▸ Your goal:
From the records below, transcribe only the lines running from the one with "Вызов поступил в" through the one with "for detailed symbol.". Keep both of those end lines.

▸ Records supplied:
※ ※ ※
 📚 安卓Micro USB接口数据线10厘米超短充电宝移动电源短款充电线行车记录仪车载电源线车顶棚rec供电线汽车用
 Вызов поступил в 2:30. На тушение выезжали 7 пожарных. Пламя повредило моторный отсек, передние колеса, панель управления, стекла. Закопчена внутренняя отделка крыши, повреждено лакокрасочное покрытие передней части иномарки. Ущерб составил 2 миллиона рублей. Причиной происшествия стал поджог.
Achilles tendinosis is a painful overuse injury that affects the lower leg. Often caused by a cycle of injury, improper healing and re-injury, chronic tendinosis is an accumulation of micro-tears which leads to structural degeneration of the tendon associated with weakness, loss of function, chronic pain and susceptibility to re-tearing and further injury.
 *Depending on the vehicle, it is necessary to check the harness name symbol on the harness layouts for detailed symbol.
※ ※ ※
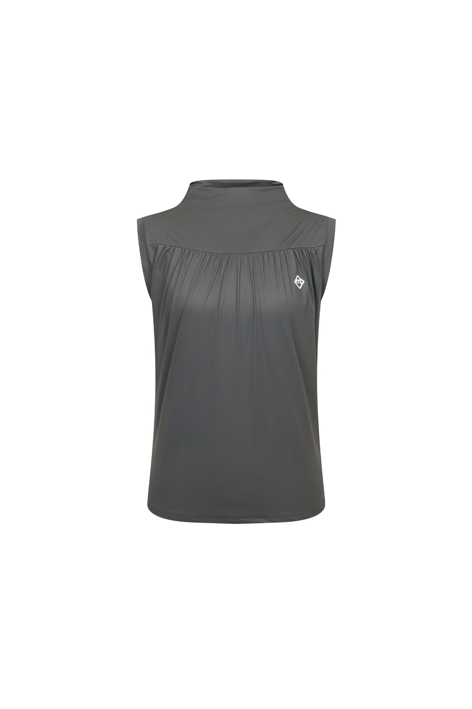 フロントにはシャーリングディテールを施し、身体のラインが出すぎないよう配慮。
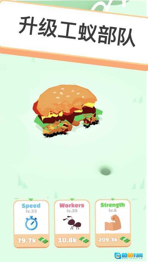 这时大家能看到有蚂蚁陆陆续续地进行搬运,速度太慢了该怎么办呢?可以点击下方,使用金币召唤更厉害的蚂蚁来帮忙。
※ ※ ※
▸ Output for this exercise:
 Вызов поступил в 2:30. На тушение выезжали 7 пожарных. Пламя повредило моторный отсек, передние колеса, панель управления, стекла. Закопчена внутренняя отделка крыши, повреждено лакокрасочное покрытие передней части иномарки. Ущерб составил 2 миллиона рублей. Причиной происшествия стал поджог.
Achilles tendinosis is a painful overuse injury that affects the lower leg. Often caused by a cycle of injury, improper healing and re-injury, chronic tendinosis is an accumulation of micro-tears which leads to structural degeneration of the tendon associated with weakness, loss of function, chronic pain and susceptibility to re-tearing and further injury.
 *Depending on the vehicle, it is necessary to check the harness name symbol on the harness layouts for detailed symbol.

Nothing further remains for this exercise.